Terje Rypdal - Whenever I Seem To Be Far Away (1974)

BAND/ARTIST: Terje Rypdal

  • Title: Whenever I Seem To Be Far Away
  • Year Of Release: 1974
  • Label: ECM
  • Genre: Contemporary Jazz
  • Quality: FLAC (image+.cue, log, Artwork)
  • Total Time: 37:05
  • Total Size: 260 MB
  • WebSite:
Tracklist:

1. Silver Bird Is Heading For The Sun (13:57)
2. The Hunt (5:17)
3. Whenever I Seem To Be Far Away (17:39)

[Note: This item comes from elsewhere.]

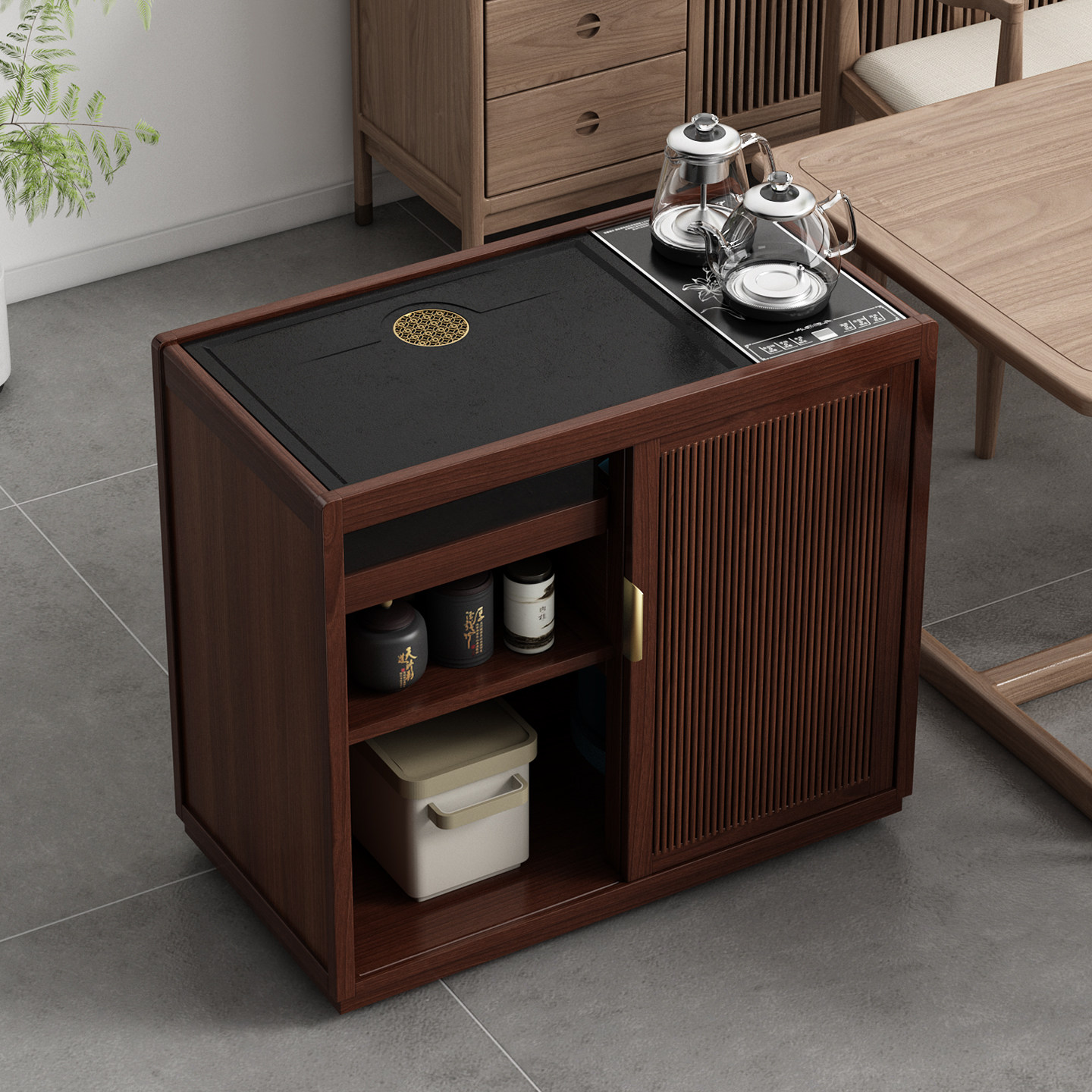 移动茶桌新中式家用茶几非实木小茶台办公室烧水壶一体茶车储物柜

This laconic yet lasting statement from Terje Rypdal marked the Norwegian guitarist’s third ECM appearance as composer and leader. Its crucible continues to yield an enticing tincture of prog-rock and classical stylings for the weary musical mind. The reverberant French horn that animates “Silver Bird Is Heading For The Sun” betrays nothing of its cooption by a punchy g/d/b constituent. Floating on a well-aged mellotron, it bows out gracefully as Rypdal rolls in like a fuzzed haze. Sveinung Hovensjø’s robustly amplified bass carries its surrounding weight beautifully, and continues to do so for the album’s duration. Languid relays between guitar and horn coalesce at the piece’s muscular conclusion. In “The Hunt,” we get a heftier dose of percussion, courtesy of the one and only Jon Christensen. Thus begins a brightly syncopated journey filled with plenty of dynamic movement. All of which makes the title piece that much more affecting. A lone cello becomes our only introduction into its slow 18-minute wave of orchestral bliss. Oboe and clarinet usher in the encroaching stillness with subdued attention. Only during a climactic peak does Rypdal make his presence known, as if born from the nexus of violins trailing off into the darkness (a section that perhaps foreshadows Gavin Bryars’s After the Requiem). This switch from external to internal register seems to caress some distant shore, much like the waters of the album’s cover. We wait for dusk, only to realize that the night has never left us.

Whenever I Seem To Be Far Away is an album in infrared, a silent face whose expressions make infinite use of a limited palette. Rypdal is one of the few hybridizers whose creations become something outside of themselves. His soloing wrenches from its present surroundings as many handfuls of melody as it can before fading into the solace implied at the album’s genesis. And I cannot stress enough how fantastic the bass sounds throughout, its steady tone stabilizing like an iron cable. In it, we hear our own gravidity made audible, touching its lips to a temple of sound with a following of one.